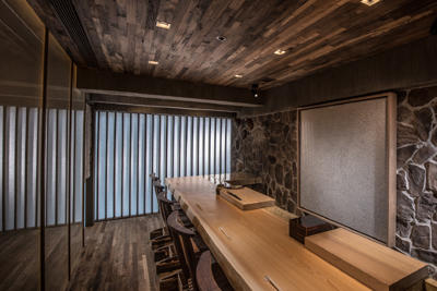 場所は上環(Sheung Wan)にある荷李活道(Hollywood Road)という骨董品が多く集まる通りの一角にあります。店のカウンターは7メートルのヒノキを使っている落ち着いた店内です。握りは皿ではなくヒノキの上に直接置いてくれます。もちろんアシスタントの方がすしがおいたヒノキの部分をしっかりと拭いてくれるので衛生的には安心です。
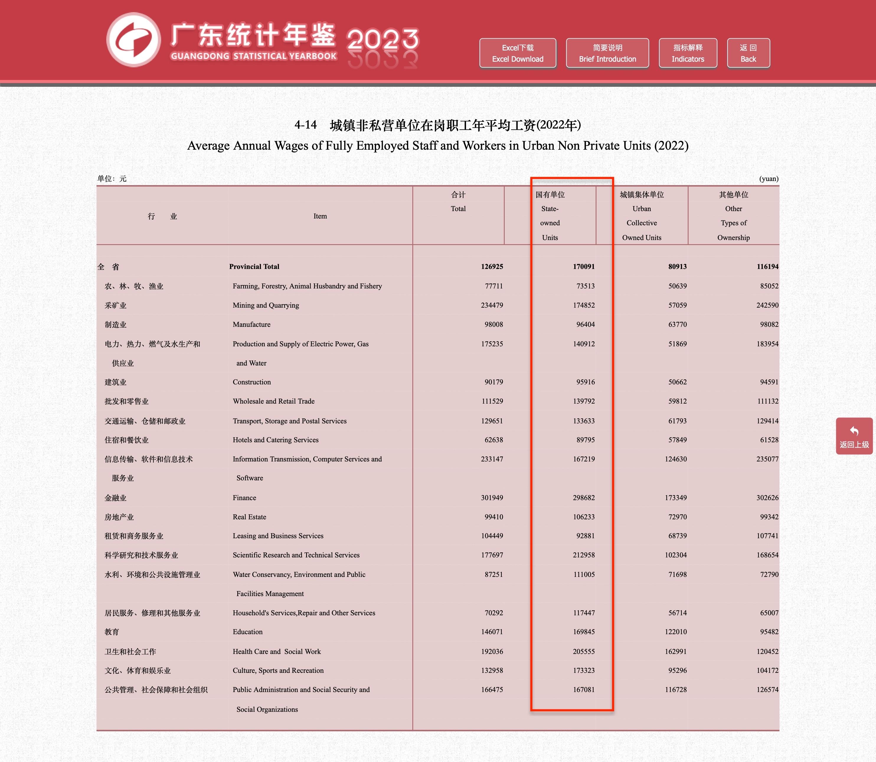 10、2023年广东城镇非私营单位在岗职工年平均工资和2023年广东城镇私营单位就业人员年平均工资,来自广东省统计局于2024年6月21日发布的《2023年广东城镇单位就业人员年平均工资情况》。
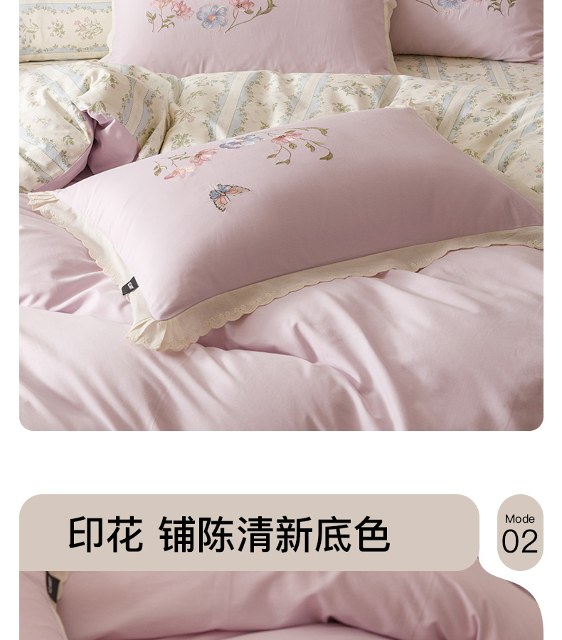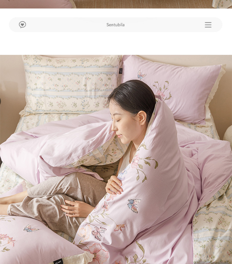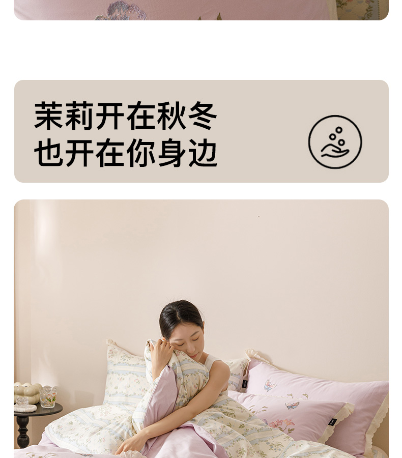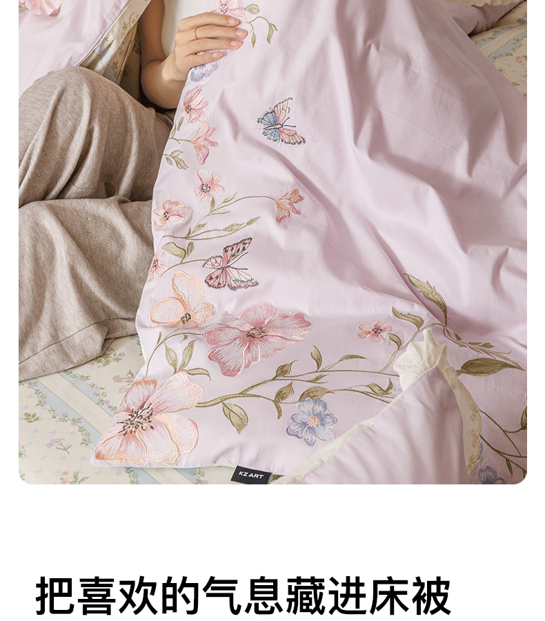 商品名称:卡姿家纺 2025秋冬小清新绣花+印花四件套-茉莉 茉莉-紫
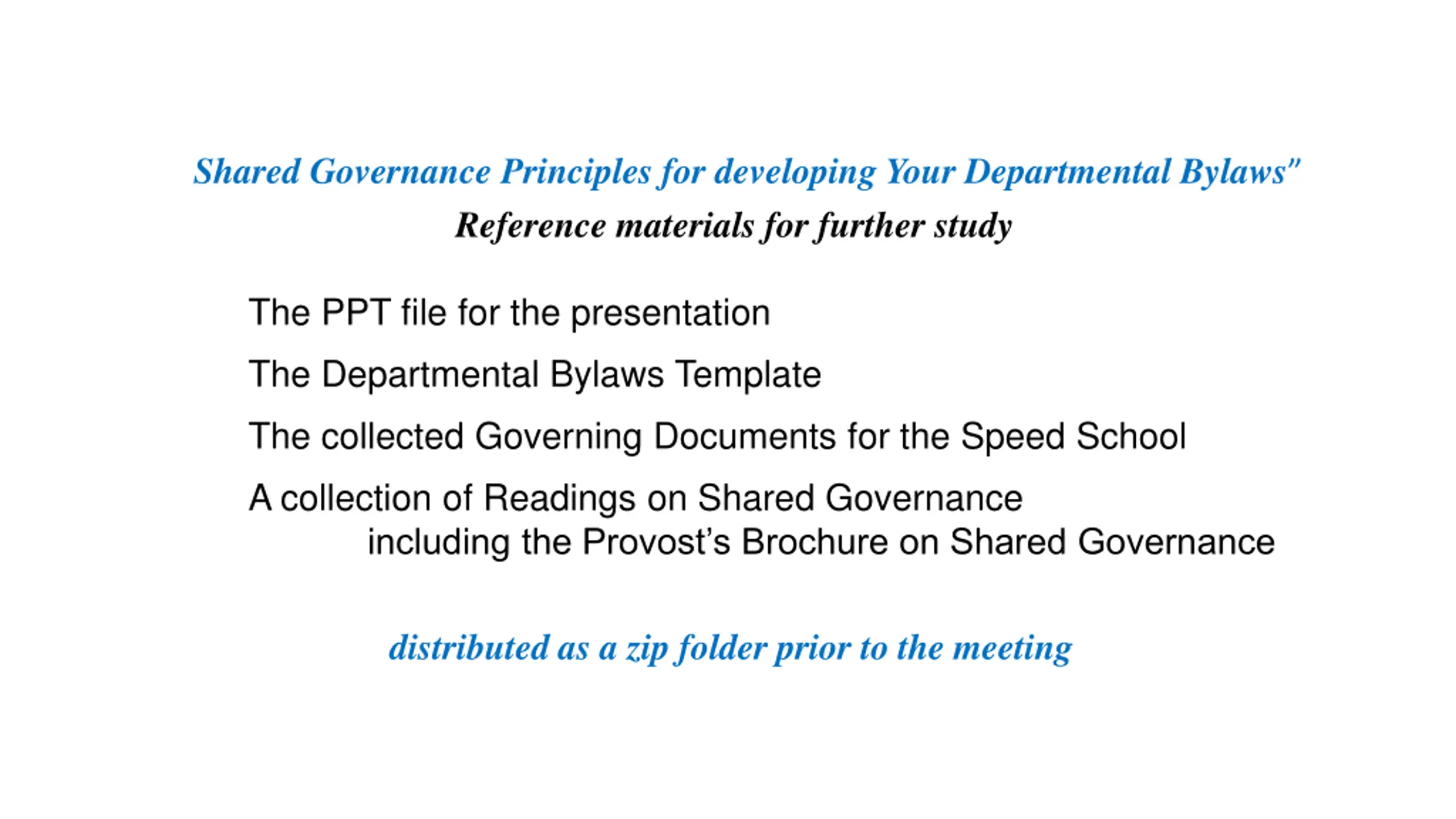 Shared Governance Principles for developing Your Departmental Bylaws Reference materials for further study The PPT file for the presentation The Departmental Bylaws Template The collected Governing Documents for the Speed School A collection of Readings on Shared Governance including the Provost s Brochure on Shared Governance distributed as a zip folder prior to the meeting
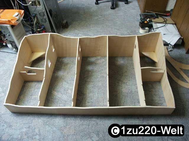 Ich habe mehrere Hefte gelesen, in denen immer wieder die Spantenbauweise als einfach und stabil dargestellt wurde. Ich vertraute auf die Fachkenntnis der Autoren und baute die Anlage auch in dieser Bauweise. Wintrack 6.0 kann die Spanten mit allen wichtigen Maßen ausdrucken, und so gab es keine Probleme mit dem passgenauen Ausschneiden der Trassenauflagen. Allerdings habe ich dort einen Fehler gemacht und die Dicke der Trassenbretter nicht mitberechnen. dadurch musste ich dann alle Auflagen um 5 mm tiefer ausfeilen, was kein Problem, aber anstrengend war.
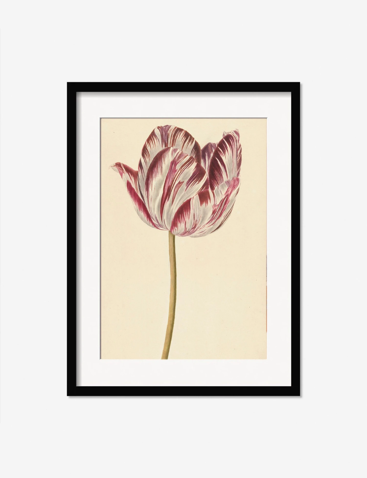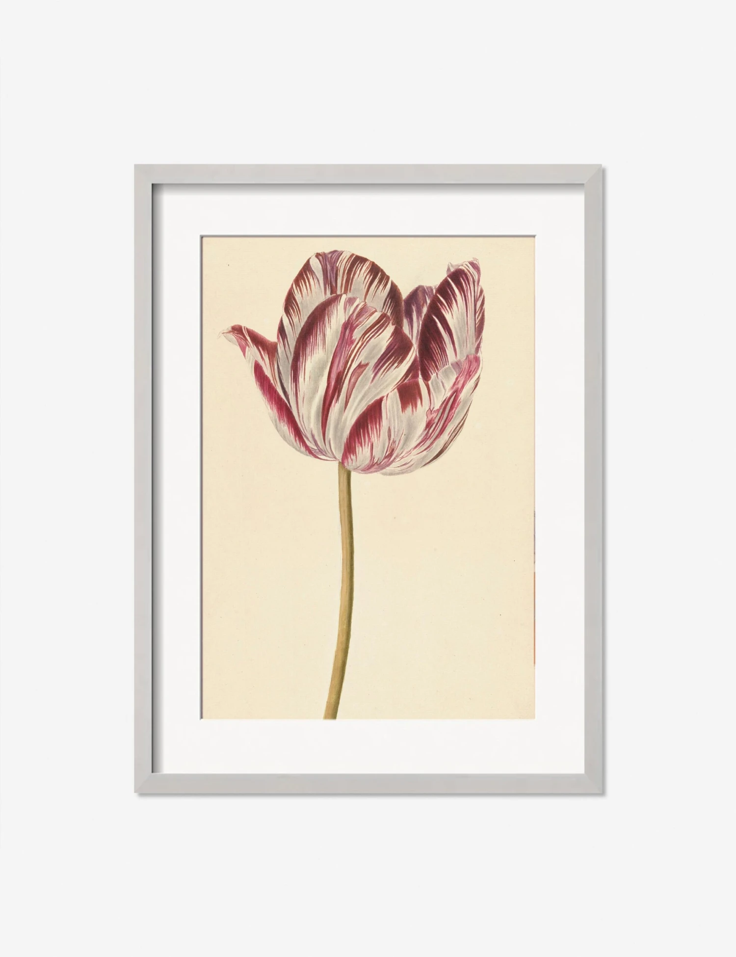 This wall art print features a tulip in bloom against a neutral backdrop offering a delicate study in texture and form. The shading on the stem and wispy lines of color on each petal offers a striking elegance for transitional wall decor.
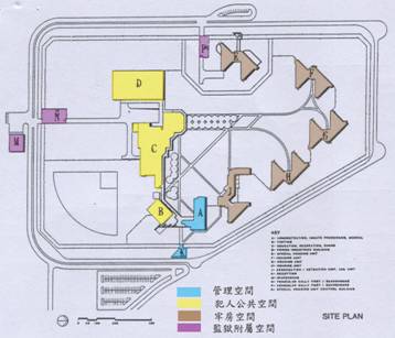 A.行政中心 B.會客區 C.教育娛樂中心 D.工場 E.特殊監獄單元 F.G.H.監獄單元 J.拘留所 K.接待區
==============================
**Task description:** Copy out all of the listing word for word, but skip the images.

**Solution:**
 場所は上環(Sheung Wan)にある荷李活道(Hollywood Road)という骨董品が多く集まる通りの一角にあります。店のカウンターは7メートルのヒノキを使っている落ち着いた店内です。握りは皿ではなくヒノキの上に直接置いてくれます。もちろんアシスタントの方がすしがおいたヒノキの部分をしっかりと拭いてくれるので衛生的には安心です。
 10、2023年广东城镇非私营单位在岗职工年平均工资和2023年广东城镇私营单位就业人员年平均工资,来自广东省统计局于2024年6月21日发布的《2023年广东城镇单位就业人员年平均工资情况》。
 商品名称:卡姿家纺 2025秋冬小清新绣花+印花四件套-茉莉 茉莉-紫
 Shared Governance Principles for developing Your Departmental Bylaws Reference materials for further study The PPT file for the presentation The Departmental Bylaws Template The collected Governing Documents for the Speed School A collection of Readings on Shared Governance including the Provost s Brochure on Shared Governance distributed as a zip folder prior to the meeting
 Ich habe mehrere Hefte gelesen, in denen immer wieder die Spantenbauweise als einfach und stabil dargestellt wurde. Ich vertraute auf die Fachkenntnis der Autoren und baute die Anlage auch in dieser Bauweise. Wintrack 6.0 kann die Spanten mit allen wichtigen Maßen ausdrucken, und so gab es keine Probleme mit dem passgenauen Ausschneiden der Trassenauflagen. Allerdings habe ich dort einen Fehler gemacht und die Dicke der Trassenbretter nicht mitberechnen. dadurch musste ich dann alle Auflagen um 5 mm tiefer ausfeilen, was kein Problem, aber anstrengend war.
 This wall art print features a tulip in bloom against a neutral backdrop offering a delicate study in texture and form. The shading on the stem and wispy lines of color on each petal offers a striking elegance for transitional wall decor.
 A.行政中心 B.會客區 C.教育娛樂中心 D.工場 E.特殊監獄單元 F.G.H.監獄單元 J.拘留所 K.接待區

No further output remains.